I think 16 is a good age to be moving up into the K&N Series,” Jones said. “Hailie and Todd were about this age when they got their first start with the K&N West.

“People say there’s pressure and I have to perform, that it’s really a big step in my racing career. But for me, if I just do the right things, focus on learning and learning, I think I’ll be fine. I’m not too worried.”

The future will come in time

For Jones, this year’s K&N campaign is a first step toward what he hopes one day will be a move to NASCAR Cup racing. His philosophy is simple: He’ll take things one step at a time. If he enjoys success, promotion to higher series will come naturally.

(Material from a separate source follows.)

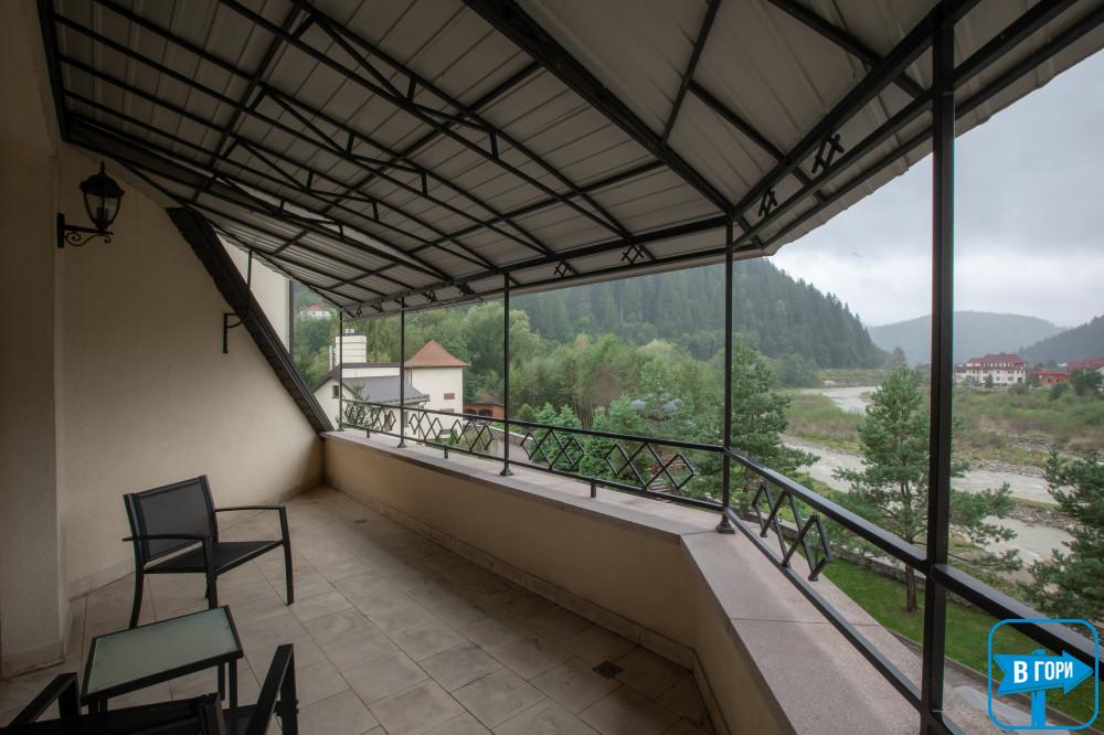- Отель находится в живописном месте на берегу реки, а с каждого номера открывается невероятный вид на горы.

“There’s a lot of drivers that have come from different backgrounds, different ages and different times, so I don’t think it’s necessary that at 22 you have to be here, at 25, you have to be this or at 18, you have to be here,” he said. “We have a basic plan where we’re doing K&N this year, maybe some ARCA races next year and maybe when I’m old enough, to go to Trucks when I’m 18.

“But really, we just have to play the way the opportunities present themselves, how I’m doing, my experience level, all of that. There’s not a set plan to follow, but definitely a basic outline of how I’m going to get to be racing Sundays full time – within the next seven years I’d say, at the most.”

While Jones’ 85-year-old grandfather won’t be in Las Vegas to watch his grandson, he will be on hand for several upcoming K&N races at tracks closer to his Southern California home. But Jagger’s father, P.J., and mom, Jolaina, will be in Las Vegas, along with Jagger’s 14-year-old brother, Jace, who is taking his older brother’s seat in Late Model racing this season.

(Photo: Jagger Jones)

“I’m really excited,” Jagger Jones said. “The days have been feeling longer once you get closer to a race just because you’re so anxious. But once you do some laps in practice, I think everything settles, and you have a better idea of where you’re at.

“I’ve only tested a K&N car two times, and that was both on pavement. Now, we go into a dirt race, which I’ve never raced on a dirt oval before. There’s a lot of unknown for me. I’ve been watching a lot of videos and talking with people that ran last year, just trying to get as much experience as I can get and be as prepared as I am.”

Making his own way and own name behind the wheel is on Jones’ radar. He chuckles when asked if his parents named him after Rolling Stones frontman Mick Jagger.

“My dad probably thought of that, but I wasn’t named after him,” Jones said. “It just kind of came about, and they thought it was a cool name, and they went with Jagger Jones. When you have a last name like Jones, you have to have an interesting first name.”